In Mandaluyong, our neighbor would throw their cigarette butts in front of our house. That went on until we collected all of them, and after having amassed a good number, dumped them in front of his door. Another neighbor doesn't look after its dog -- I am still hatching plans for this as I've no intentions of collecting and keeping dog poo for a period of time.

Many times, friends would tell me, why not just talk to the them? And my point is, do I actually have to explain what is proper from improper? Do I really have to go, "Oh Mister! What a delight to be your neighbor! But Sir, may I ask, would you be oh so kind not to make our house AN EXTENSION OF YOUR GARBAGE CAN?!"

Do I have to explain to the call center agents in our building that "it is not nice" to push ALL the floor buttons in the elevator?

Should have I exchanged niceties with the guy who was on the sidewalk opposite me, and seeing that there was an empty cab coming my way, walked steps ahead, then crossed to my side and flagged it instead?

Or perhaps, give a "that's life" shrug to every single person I see spitting on the streets -- you know, where people walk?

If the answer is yes, then I might as well compliment the many people in the cinemas for their outstanding communication skills that enable them to hold discourses with their companions while a movie is playing.

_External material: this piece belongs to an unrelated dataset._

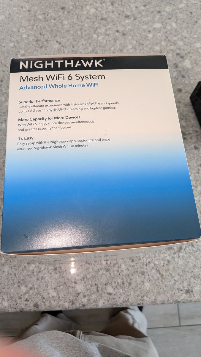 VenmoIn great shape, just upgraded to WiFi 7 and no longer need. Each unit includes a network port for devices that you want to hardwire to the system. Easy to set up using Netgear Nighthawk app.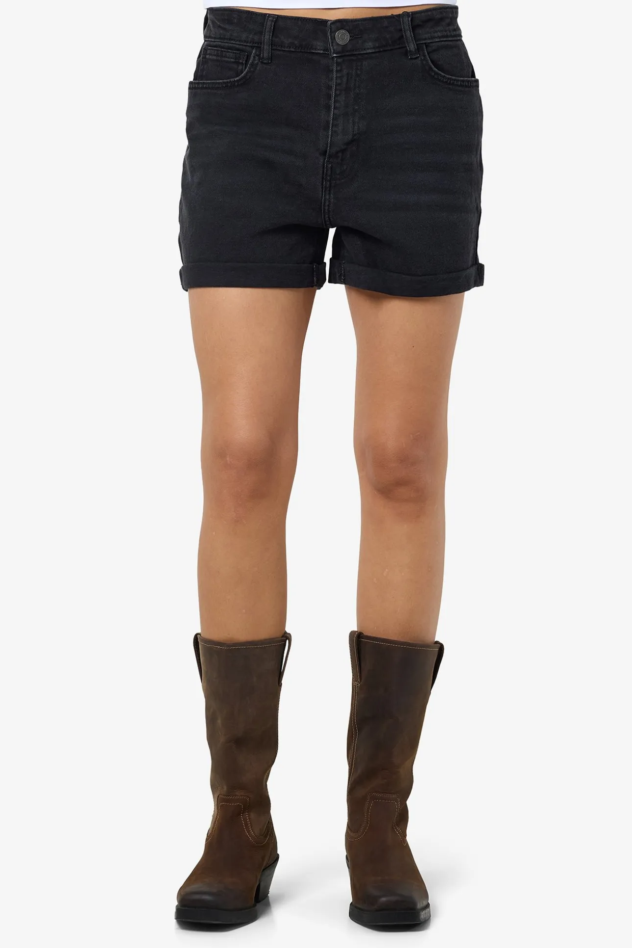 Short vaquero básico con dobladillo de cinco bolsillos.

At the MRT, I should also go ahead and express delight at the women who choose to ride at the already congested trains for men even if those reserved for women are not as full, in the hopes that guys would be chivalrous enough to offer them seats.

Also, remind me to smile at every driver who dash their car toward the pedestrian lane even when I'm already mid-way -- I really get excited about dying in the middle of the street; it's such an adrenaline rush.

I should send a note to these people and thank them. I hope they would also be gracious enough to send a thank-you note to the many doormats that have allowed their breed to cultivate and increase.